I recently had an in-depth discussion with Ed Bloodnick, director of grower services at Premier Tech, to ask the big questions about picking the best growing media for greenhouse operations. Here’s what he had to say.

GPN: Can you explain the importance of choosing the right medium for different crops?

Ed Bloodnick: Growers want what is going to provide the best results, and manufacturers want growers to have great success. Choosing the wrong growing medium could be disastrous; it requires additional crop management. If crops underperform, even the retail customers that buy their plants will not be happy because some of the same problems that show up in the greenhouse can spill over to the consumer — problems like crops being weak with poor overall health or hanging baskets that dry out too often.

The first thing to beware of is low-priced products. Generally, quality products are made with quality ingredients, often resulting in a higher selling price because you’re buying better quality. Low-priced products can be cutting corners somehow to get in the market or may not have the same stringent quality requirements for the ingredients that they add. If you buy quality, then you’re going to have quality final products.
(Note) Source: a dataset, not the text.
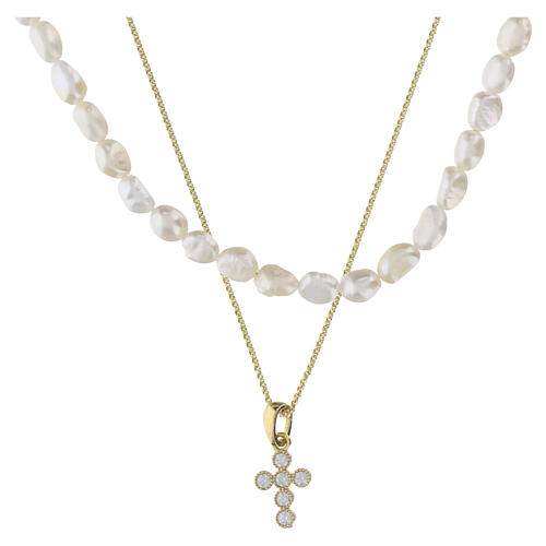 Double Necklace with Natural Pearls and White Zircon Cross Gold-Plated Sterling Silver, Benedictus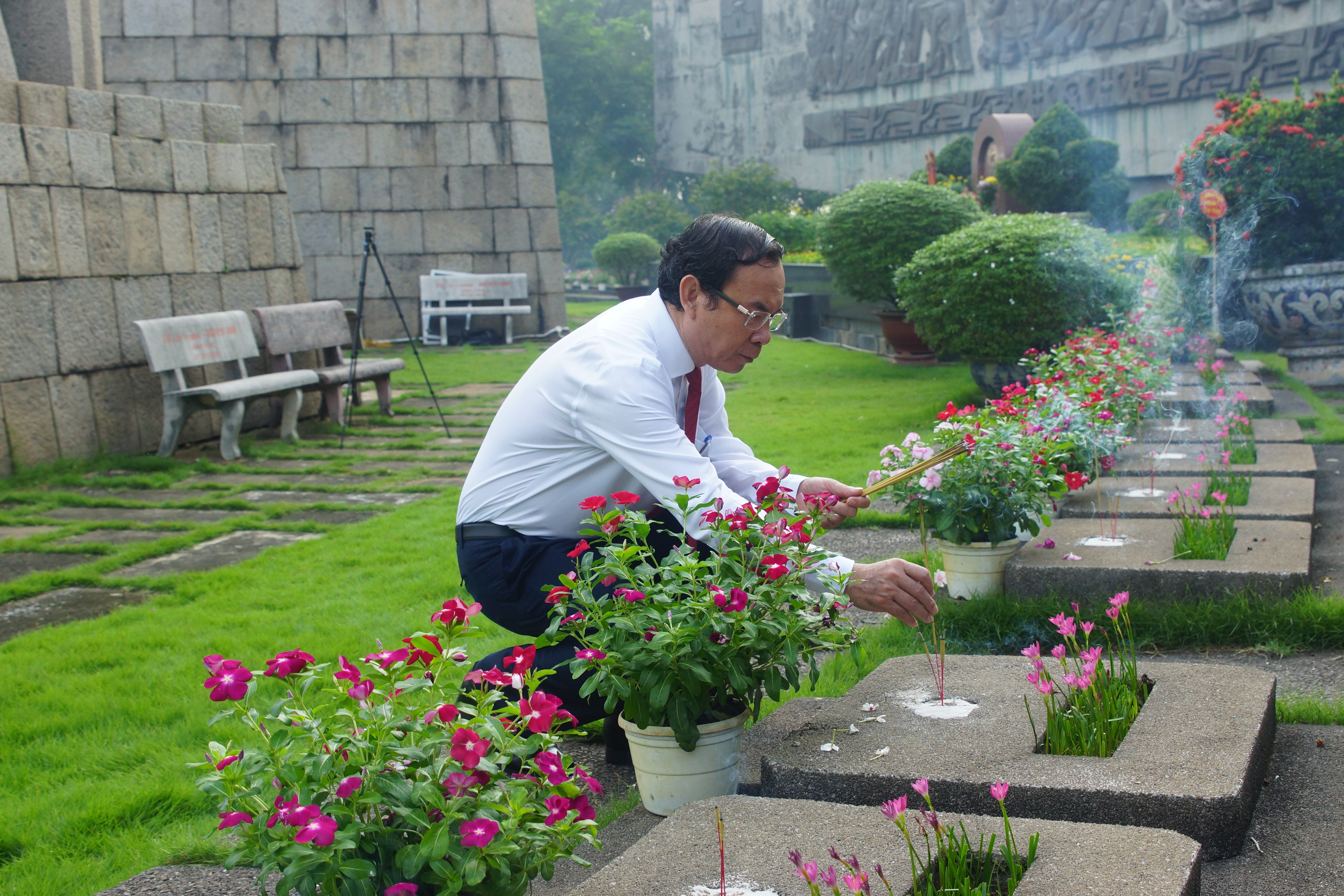 Đồng chí Nguyễn Văn Nên, , Ủy viên Bộ Chính trị, Bí thư Thành ủy Thành phố Hồ Chí Minh thắp hương lên các phần mộ

Supply chain issues have been a struggle in the past few years for some companies because some components are coming from overseas, and there is limited production and employment. There have been a lot of checks and balances to try to be sure that the supply chain can fulfill the needs for the products that are on the market.

If you grow a wide variety of crops, you may require two or more different types of growing media, so it depends on what you’re doing at your greenhouse. Use a product that is quality-tested, uniform and predictable. I would say these are the three qualities that are most important for growers.

Premier Tech’s Pro-Mix growing media provide a well-balanced growing environment so plants are uniform and consistent in greenhouse production.

The growing experience and knowledge they gain this year could be applied to future crops and can be fine-tuned. That’s why it’s important to choose the right growing medium to start because it’s the basis for starting your crops for years to come.

GPN: What makes a great growing medium for greenhouse growers?

Bloodnick: It’s another hard question to answer because each grower has unique growing practices, media, crops are different, the type of container makes a difference; all of those have an impact.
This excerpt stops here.